Aligner#

class pyfamsa.Aligner#

A single FAMSA aligner.

scoring_matrix#

The scoring matrix used for scoring alignments.

Type:

ScoringMatrix

New in version 0.4.0: The scoring_matrix attribute.

__init__(*, threads=0, guide_tree='sl', tree_heuristic=None, medoid_threshold=0, n_refinements=100, keep_duplicates=False, refine=None, scoring_matrix=None)#

Create a new aligner with the given configuration.

Keyword Arguments:
  • threads (int) – The number of threads to use for parallel computations. If 0 given (the default), use os.cpu_count to spawn one thread per CPU on the host machine.

  • guide_tree (str) – The method for building the guide tree. Supported values are: sl for MST+Prim single linkage, slink for SLINK single linkage, upgma for UPGMA, nj for neighbour joining.

  • tree_heuristic (str or None) – The heuristic to use for constructing the tree.
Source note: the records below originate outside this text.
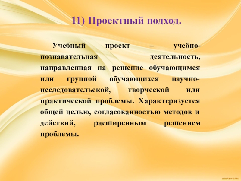 или группой обучающихся научно-исследовательской, творческой или практической проблемы. Характеризуется общей целью, согласованностью методов и действий, расширенным решением проблемы.
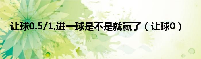 大家好,小晋来为大家解答以下问题,关于让球0.5/1,进一球是不是就赢了,让球0很多人还不知道,今天让我们一起来看看吧!
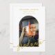 Celebrate your daughter’s high school, college, or university graduation with this chic and trendy gold script arch photo announcement card. Showcasing a modern arch design paired with sophisticated gold calligraphy, this personalized invitation is the ideal way to share her monumental achievement with friends and family. The casual yet elegant layout offers space for a beloved senior portrait or graduation photo, along with customizable event details in striking typography. Perfect for graduation parties, open houses, or formal announcements, this easy-to-edit photo card can be personalized quickly with the user-friendly template. Designed by artist Catherine Sweetman, this graceful arch invitation blends modern style with timeless appeal, making it a stunning keepsake to commemorate your daughter’s proud moment. Perfect for 2025 graduation announcements, senior photo cards, and custom graduation party invitations.
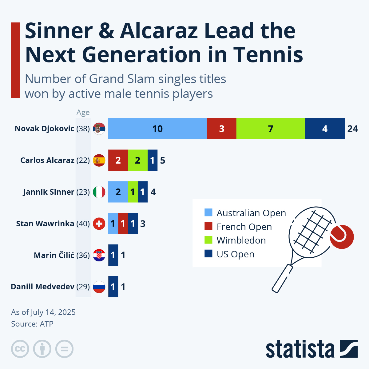 Share Facebook Twitter LinkedIn Pinterest Email Sinner and Alcaraz lead the next generation of tennis Statist
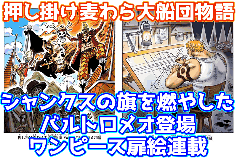ルフィは大好きなシャンクスのことをバカにした山賊ヒグマの怒りを買い、海に投げ込まれ巨大魚に食われそうになったところを、シャンクスが片腕を犠牲にしながら助け出してくれた。ルフィは村を去るシャンクスからトレードマークの麦わら帽子を託され、将来立派な海賊になり再会することを約束するのだった。
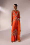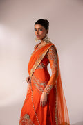 Strike a pose and exude a serene sense of opulent glamour with €˜Tangerines. This formal ensemble nostalgically resplendent and blooming like a ray of sunshine, infuses a zesty energy into all your events and celebrations. Fiona boasts intricate hand embroidery and embellishments, with 3D handmade flowers adorning the short and delicate pearl details.
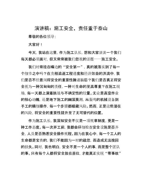 演讲稿:施工安全,责任重于泰山 2024-05-12 Word模板 109 购买前,请一定要先点击这里看看,欢迎持续关注,精彩模板每天推送 预览结束,本文件为word文档,一共2页,共743字,请购买后,下载后查看 购买前,请一定要先点击这里看看,欢迎持续关注,精彩模板每天推送 资源下载下载价格29 RMBVIP免费升级VIP点击检测网盘有效后购买有任何充值和下载问题请加微信:xuexixuexi66 0 演讲发言

Supported values are: medoid for medoid trees, part for part trees, or None to disable heuristics.

  • medoid_threshold (int) – The minimum number of sequences a set must contain for medoid trees to be used, if enabled with tree_heuristic.
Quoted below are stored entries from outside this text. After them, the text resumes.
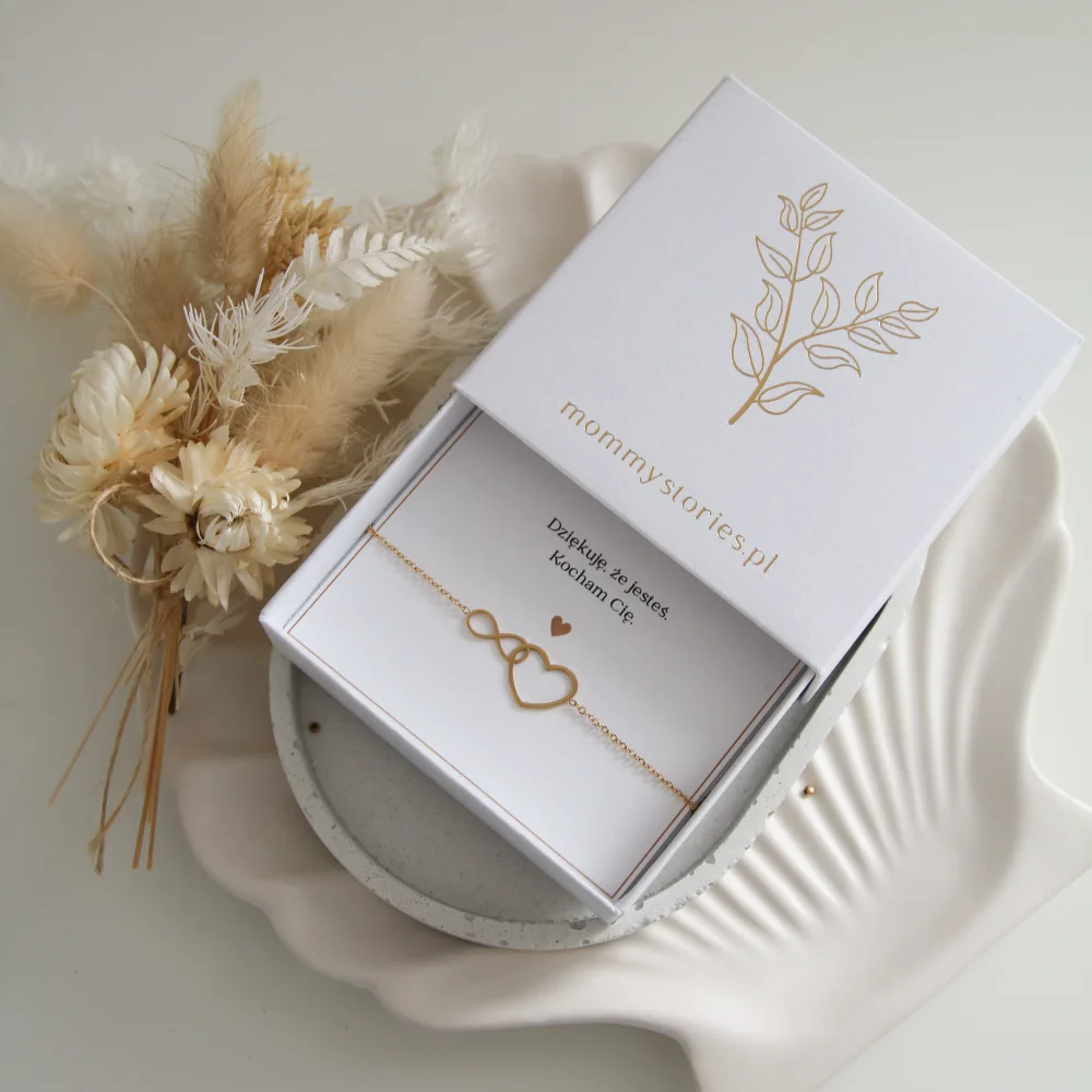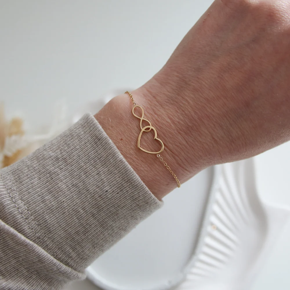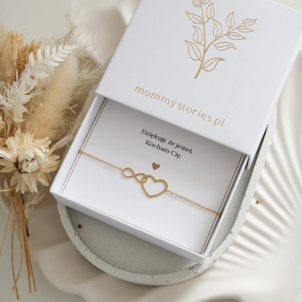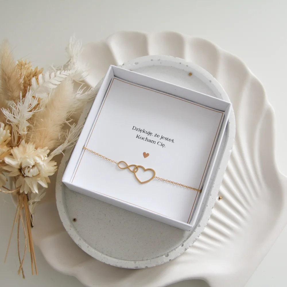 Bransoletka na łańcuszku, z motywem serca i nieskończoności – symbolem trwałej więzi i miłości.
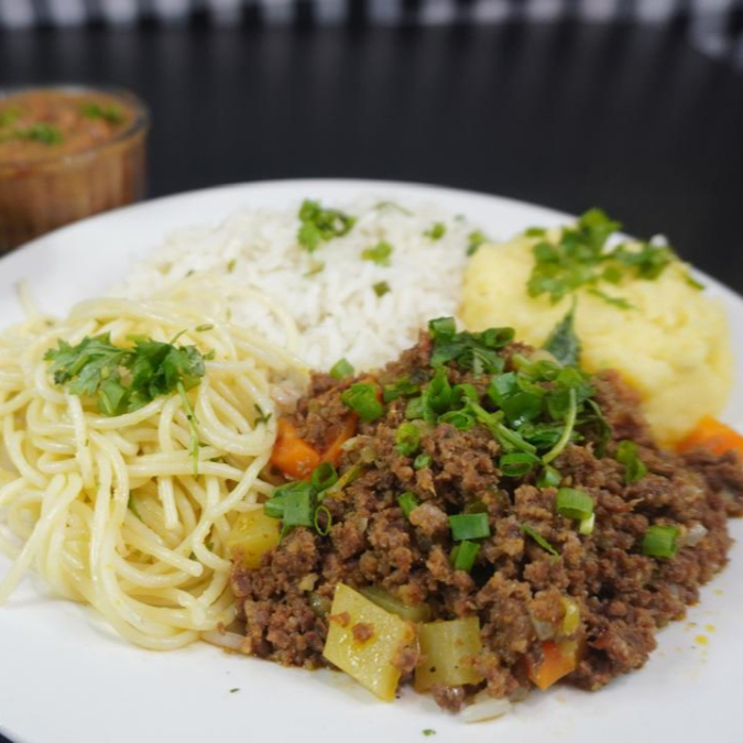 Desfrute da Chapa Mista, uma seleção variada com arroz, macarrão, salada, farofa e feijão, perfeita para quem busca diversidade e sabor.
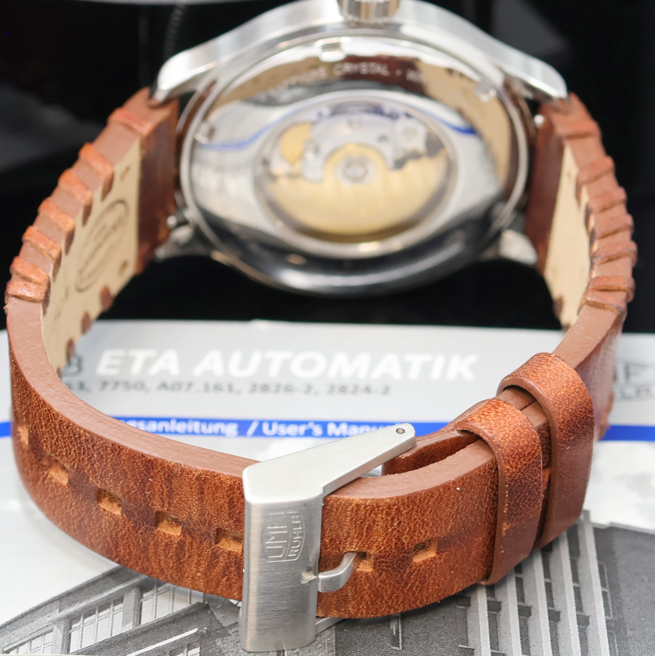 Automatik, beids. vergl. Edelstahlgeh. inkl. orig. Lederband m. orig. Dornschl.,
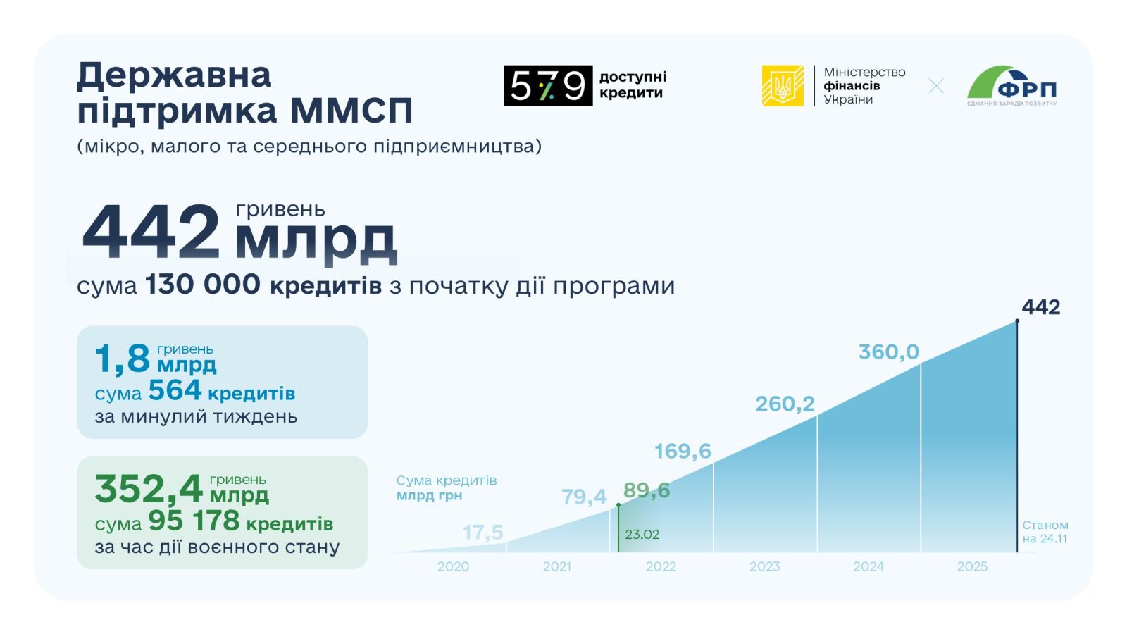 За час дії воєнного стану в Україні видано 95 178 кредитів на 352,4 млрд грн (у тому числі банками державного сектору – 69 589 кредитів на 178,7 млрд грн), з яких станом на 24 листопада поточного року:

  • n_refinements (int) – The number of refinement iterations to run.

  • keep_duplicates (bool) – Set to True to avoid discarding duplicate sequences before building trees or alignments.

  • refine (bool or None) – Set to True to force refinement, False to disable refinement, or leave as None to disable refinement automatically for sets of more than 1000 sequences.

  • scoring_matrix (ScoringMatrix or str) – The scoring matrix to use for scoring alignments. By default, the MIQS matrix by Yamada & Tomii (2014) is used like in the original FAMSA implementation.

New in version 0.4.0: The scoring_matrix argument.

align(sequences)#

Align sequences together.

Parameters:

sequences (iterable of Sequence) – An iterable yielding the digitized sequences to align.

Returns:

Alignment – The aligned sequences, in aligned format.

align_profiles(profile1, profile2)#

Align two profiles together.

Profile-profile alignment computes a new alignment using sequences from the two input alignments while preserving the columns of each profile.

Parameters:
  • profile1 (Alignment) – The first profile to align.

  • profile2 (Alignment) – The second profile to align.

Returns:

Alignment – The resulting profile-profile alignment.

New in version 0.5.0.

build_tree(sequences)#

Build a tree from the given sequences.

Parameters:

sequences (iterable of Sequence) – An iterable yielding the digitized sequences to build a tree from.

Returns:

GuideTree – The guide tree obtained from the sequences.